Chloroquine phosphate is a well-established antimalarial agent with additional applications in the management of certain autoimmune conditions. As a 4-aminoquinoline compound, it demonstrates potent activity against erythrocytic forms of Plasmodium species while exhibiting immunomodulatory properties through lysosomal inhibition and cytokine modulation. This comprehensive profile examines chloroquine’s pharmacological characteristics, clinical applications, and safety considerations for healthcare professionals.

Features

  • Chemical classification: 4-Aminoquinoline compound
  • Available formulations: Oral tablets (250 mg, 500 mg chloroquine phosphate equivalent to 150 mg, 300 mg base)
  • Mechanism: Inhibits hemozoin polymerization in malaria parasites; alters lysosomal pH and antigen processing in autoimmune conditions
  • Bioavailability: Rapid and nearly complete gastrointestinal absorption
  • Half-life: Approximately 1-2 months due to extensive tissue binding
  • Metabolism: Hepatic via cytochrome P450 system
  • Excretion: Primarily renal (50-70%), with enterohepatic recirculation

Benefits

  • Provides rapid clinical response in acute malaria attacks through schizonticidal activity
  • Offers causal prophylaxis against susceptible Plasmodium strains
  • Demonstrates anti-inflammatory effects in rheumatoid arthritis and lupus erythematosus
  • Shows potential antiviral activity against certain enveloped viruses
  • Maintains long-lasting tissue concentrations enabling weekly dosing regimens
  • Presents cost-effective treatment option in endemic regions

Common use

Chloroquine is primarily indicated for the prophylaxis and treatment of malaria caused by Plasmodium vivax, P. malariae, P. ovale, and chloroquine-sensitive P. falciparum. It remains the drug of choice for non-falciparum malaria in most regions. Additionally, chloroquine is used off-label for autoimmune conditions including rheumatoid arthritis, systemic lupus erythematosus, and discoid lupus erythematosus. Emerging research suggests potential applications in virology and oncology, though these uses remain investigational.

Dosage and direction

Malaria Prophylaxis: 500 mg chloroquine phosphate (300 mg base) orally once weekly, starting 1-2 weeks before exposure and continuing for 4 weeks after leaving endemic area.
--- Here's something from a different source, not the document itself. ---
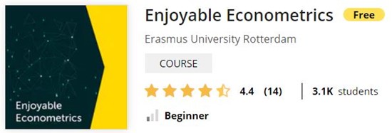 คอร์สว่าด้วย “เศรษฐมิติ” (Econometrics) หนึ่งในสาขาของเศรษฐศาสตร์ที่ศึกษาความสัมพันธ์ของตัวแปรทางเศรษฐกิจด้วยเครื่องมือและทฤษฎีการวิเคราะห์ต่างๆ โดยในคอร์สจะช่วยปูพื้นฐาน ตามด้วยหัวข้อที่น่าสนใจ เช่น การถดถอยอย่างง่าย (Simple Regression), การถดถอยแบบพหุคุณ (Multiple Regression), ตัวเลือกไบนารี (Binary Choice), อนุกรมเวลา (Time Series) ฯลฯ เพื่อให้เราแปลข้อมูลเป็นแบบจำลองทางเศรษฐศาสตร์ สำหรับนำไปใช้ทำนายและสนับสนุนการตัดสินใจต่างๆ ได้

Acute Malaria Treatment: Initial dose of 1 g chloroquine phosphate (600 mg base) followed by 500 mg (300 mg base) at 6, 24, and 48 hours. Total dose: 2.5 g chloroquine phosphate (1.5 g base) over 48 hours.

Rheumatoid Arthritis: 250-500 mg chloroquine phosphate daily, typically administered with food to minimize gastrointestinal discomfort.

Dosage adjustments required for hepatic impairment, renal insufficiency (CrCl <50 mL/min), and pediatric populations. Regular ophthalmologic monitoring recommended for patients receiving long-term therapy.

Precautions

Regular ophthalmologic examinations (visual acuity, slit lamp, funduscopy, visual field testing) every 6-12 months during long-term therapy due to risk of irreversible retinopathy. Monitor for muscle weakness, which may indicate myopathy or cardiomyopathy. Use with caution in patients with hepatic disease, alcoholism, or concomitant hepatotoxic drugs. Periodic complete blood counts recommended during prolonged therapy. May exacerbate psoriasis and porphyria. Caution advised in patients with neurological disorders or history of seizures.

Contraindications

Hypersensitivity to 4-aminoquinoline compounds. Pre-existing retinal field changes. Concurrent administration with gold therapy or phenylbutazone. History of chloroquine-associated visual field defects. Psoriasis (unless benefits outweigh risks). Porphyria. Myasthenia gravis (may exacerbate muscle weakness). Severe gastrointestinal, neurological, or blood disorders.

Possible side effect

Common (≥1%): Gastrointestinal disturbances (nausea, vomiting, diarrhea, abdominal cramps), headache, pruritus (particularly in dark-skinned individuals), visual accommodation disturbances, skin eruptions.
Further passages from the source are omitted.